There is no cure for AMN currently and treatment focuses on supportive measures aimed at mitigating the effects of the upper motor neuron injury, primarily spasticity and bladder management. Gait disorders are a common reason for presentation of AMN and walking speed has been shown to decline as the disease progresses. Given the rarity of AMN, trials looking at optimal support of walking in this patient group do not exist and people with AMN typically depend on walking aids including splints and orthoses to help manage the common feature of foot drop. At the National Hospital for Neurology and Neurosurgery (NHNN), we have a cohort of patients with AMN who have successfully been treated with functional electrical stimulation (FES) to help with their gait disorder and improve walking speed.

FUNCTIONAL ELECTRICAL STIMULATION

FES uses externally applied electrical stimulation to induce functional movement in weak muscles. It is a UK National Health Institute for Health and Clinical Excellence (NICE) approved treatment for the management of foot drop in upper motor neuron disorders and is most commonly used for correcting dropped foot in stroke and multiple sclerosis.

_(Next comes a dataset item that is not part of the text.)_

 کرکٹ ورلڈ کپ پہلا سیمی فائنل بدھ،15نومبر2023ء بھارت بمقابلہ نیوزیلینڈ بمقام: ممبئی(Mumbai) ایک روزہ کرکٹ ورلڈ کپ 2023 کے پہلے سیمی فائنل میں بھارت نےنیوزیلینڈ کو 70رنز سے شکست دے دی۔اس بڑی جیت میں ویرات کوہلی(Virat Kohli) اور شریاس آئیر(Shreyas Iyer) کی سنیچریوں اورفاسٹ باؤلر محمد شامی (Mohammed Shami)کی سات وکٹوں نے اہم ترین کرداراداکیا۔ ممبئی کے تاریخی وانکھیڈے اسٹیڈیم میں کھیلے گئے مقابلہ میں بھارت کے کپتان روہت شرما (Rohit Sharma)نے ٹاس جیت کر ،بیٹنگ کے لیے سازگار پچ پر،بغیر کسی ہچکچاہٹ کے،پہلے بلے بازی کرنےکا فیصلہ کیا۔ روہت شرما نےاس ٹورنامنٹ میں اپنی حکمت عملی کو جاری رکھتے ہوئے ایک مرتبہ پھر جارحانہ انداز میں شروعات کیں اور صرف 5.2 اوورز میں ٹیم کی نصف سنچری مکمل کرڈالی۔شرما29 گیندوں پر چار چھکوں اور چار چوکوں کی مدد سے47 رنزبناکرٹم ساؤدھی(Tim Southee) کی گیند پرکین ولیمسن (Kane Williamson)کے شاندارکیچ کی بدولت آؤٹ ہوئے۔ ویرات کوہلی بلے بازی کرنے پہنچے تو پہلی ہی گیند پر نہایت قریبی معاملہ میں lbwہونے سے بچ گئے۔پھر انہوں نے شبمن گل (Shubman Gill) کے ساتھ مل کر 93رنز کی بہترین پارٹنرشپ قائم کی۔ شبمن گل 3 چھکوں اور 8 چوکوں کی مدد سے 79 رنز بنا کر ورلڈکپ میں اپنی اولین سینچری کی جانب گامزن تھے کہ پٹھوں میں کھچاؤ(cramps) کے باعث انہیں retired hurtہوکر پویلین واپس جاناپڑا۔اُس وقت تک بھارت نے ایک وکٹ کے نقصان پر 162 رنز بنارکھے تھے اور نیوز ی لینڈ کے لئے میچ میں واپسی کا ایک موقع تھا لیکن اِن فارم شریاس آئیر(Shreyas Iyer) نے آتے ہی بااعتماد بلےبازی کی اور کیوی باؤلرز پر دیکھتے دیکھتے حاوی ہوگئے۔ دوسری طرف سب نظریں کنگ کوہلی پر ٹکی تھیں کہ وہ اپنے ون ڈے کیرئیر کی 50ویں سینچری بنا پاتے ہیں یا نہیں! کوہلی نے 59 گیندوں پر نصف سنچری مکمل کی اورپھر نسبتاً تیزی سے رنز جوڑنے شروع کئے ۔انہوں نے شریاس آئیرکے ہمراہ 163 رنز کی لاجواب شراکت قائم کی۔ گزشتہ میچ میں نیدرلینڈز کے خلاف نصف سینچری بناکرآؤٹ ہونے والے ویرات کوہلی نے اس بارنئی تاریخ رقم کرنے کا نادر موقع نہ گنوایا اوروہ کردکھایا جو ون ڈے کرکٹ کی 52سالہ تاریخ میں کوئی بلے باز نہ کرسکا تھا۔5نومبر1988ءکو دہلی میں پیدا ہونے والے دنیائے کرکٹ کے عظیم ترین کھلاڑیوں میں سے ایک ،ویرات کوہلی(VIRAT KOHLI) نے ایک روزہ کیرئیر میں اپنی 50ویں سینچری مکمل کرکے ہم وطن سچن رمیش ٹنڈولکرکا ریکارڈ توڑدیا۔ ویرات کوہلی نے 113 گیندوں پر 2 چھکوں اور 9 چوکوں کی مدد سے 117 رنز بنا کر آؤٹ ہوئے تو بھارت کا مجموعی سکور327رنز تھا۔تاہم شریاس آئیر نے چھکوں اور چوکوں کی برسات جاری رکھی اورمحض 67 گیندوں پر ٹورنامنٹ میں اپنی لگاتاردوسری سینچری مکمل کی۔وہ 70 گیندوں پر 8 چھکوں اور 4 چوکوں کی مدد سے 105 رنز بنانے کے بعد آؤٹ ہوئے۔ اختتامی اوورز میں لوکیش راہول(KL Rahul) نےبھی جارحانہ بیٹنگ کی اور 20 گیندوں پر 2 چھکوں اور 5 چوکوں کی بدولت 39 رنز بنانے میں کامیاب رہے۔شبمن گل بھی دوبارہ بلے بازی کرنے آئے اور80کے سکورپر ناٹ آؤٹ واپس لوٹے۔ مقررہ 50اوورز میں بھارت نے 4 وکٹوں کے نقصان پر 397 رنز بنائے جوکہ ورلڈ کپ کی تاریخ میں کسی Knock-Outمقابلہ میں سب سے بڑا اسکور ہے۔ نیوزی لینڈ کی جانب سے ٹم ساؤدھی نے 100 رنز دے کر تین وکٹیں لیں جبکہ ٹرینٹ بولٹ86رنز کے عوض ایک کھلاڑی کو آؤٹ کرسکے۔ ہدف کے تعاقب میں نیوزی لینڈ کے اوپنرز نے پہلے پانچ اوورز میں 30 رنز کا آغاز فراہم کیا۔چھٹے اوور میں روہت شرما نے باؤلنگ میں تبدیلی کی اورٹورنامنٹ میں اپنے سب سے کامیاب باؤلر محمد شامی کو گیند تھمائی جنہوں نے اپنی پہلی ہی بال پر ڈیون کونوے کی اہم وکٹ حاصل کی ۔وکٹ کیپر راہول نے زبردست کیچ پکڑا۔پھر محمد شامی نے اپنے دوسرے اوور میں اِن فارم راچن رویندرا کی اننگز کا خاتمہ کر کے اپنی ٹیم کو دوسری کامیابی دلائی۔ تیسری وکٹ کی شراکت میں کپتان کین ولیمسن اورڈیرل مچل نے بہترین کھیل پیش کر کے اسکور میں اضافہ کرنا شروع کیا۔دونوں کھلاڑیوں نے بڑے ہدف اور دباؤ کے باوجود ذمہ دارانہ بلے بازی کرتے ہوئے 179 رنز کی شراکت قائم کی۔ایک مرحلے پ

Stimulation to the common peroneal nerve is timed to the swing phase of gait, causing dorsiflexion. FES has been shown to have positive effects on walking speed and stability as well as reducing the effort of walking and number of falls in patients. , Additional benefits from the use of FES include improvements in overactive bladder symptoms, as well as demonstrated improvement in quality of life in people with multiple sclerosis. Most research involving FES has focussed on patients with multiple sclerosis or stroke reflecting the increased prevalence of these conditions in adults with walking difficulties secondary to upper motor neuron lesions. However, FES has also been used successfully in a range of other neurological disorders, including hereditary spastic paraplegia, spinal cord injuries and more recently Parkinson's disease.

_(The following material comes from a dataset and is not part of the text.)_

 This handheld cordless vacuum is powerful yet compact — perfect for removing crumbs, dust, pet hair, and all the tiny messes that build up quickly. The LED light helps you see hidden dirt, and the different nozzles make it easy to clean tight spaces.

At the NHNN, we use the Odstock Dropped Foot Stimulator (ODFS) Pace device (other devices are available, in the United States the FDA has approved the use of three FES machines including the one discussed here). This is a battery‐powered hip‐worn device, which connects via wires to surface electrodes on the patient's leg, and to a pressure‐sensitive footswitch in the patient's shoe. The footswitch synchronises the stimulation to the appropriate swing phase in the patient's gait. Electrode placement and several parameters of the stimulation are set up at initial assessment, depending on the patient's anatomy, impairments, comfort and features of their gait. Patients identify activity or participation goals for use of their FES, and they are monitored regularly in clinic. Dual channel devices can be used for people with bilateral foot drop, or for two muscle groups within one leg to manage foot drop with proximal weakness.

At each review, patients are timed over a 10 m distance both with and without the FES device to determine the ‘orthotic effect’ of the device (the difference in speed between off vs. on). The ‘total orthotic effect’ is the difference in speed between walking with the device and unassisted walking at baseline. In addition, FES has been shown to have a therapeutic effect on unassisted walking when the device has been worn for a period of time. This is known as the ‘training effect’ and may be secondary to muscle strengthening and motor re‐learning. This should be considered in the context of the neurological injury for which the patient is being treated. For example, in stroke both an orthotic and training effect has been reported, whereas in multiple sclerosis FES efficacy appears to be predominantly through an orthotic effect.

CASE STUDY

A 40‐year‐old gentleman was referred to our FES walking clinic 10 years after his diagnosis with AMN. He initially presented with difficulty running, twitching legs and loss of balance. Of note there was a positive family history of ‘walking problems’ affecting his mother and brother, suggesting the possibility of X‐linked inheritance. The family were investigated and X‐ALD confirmed.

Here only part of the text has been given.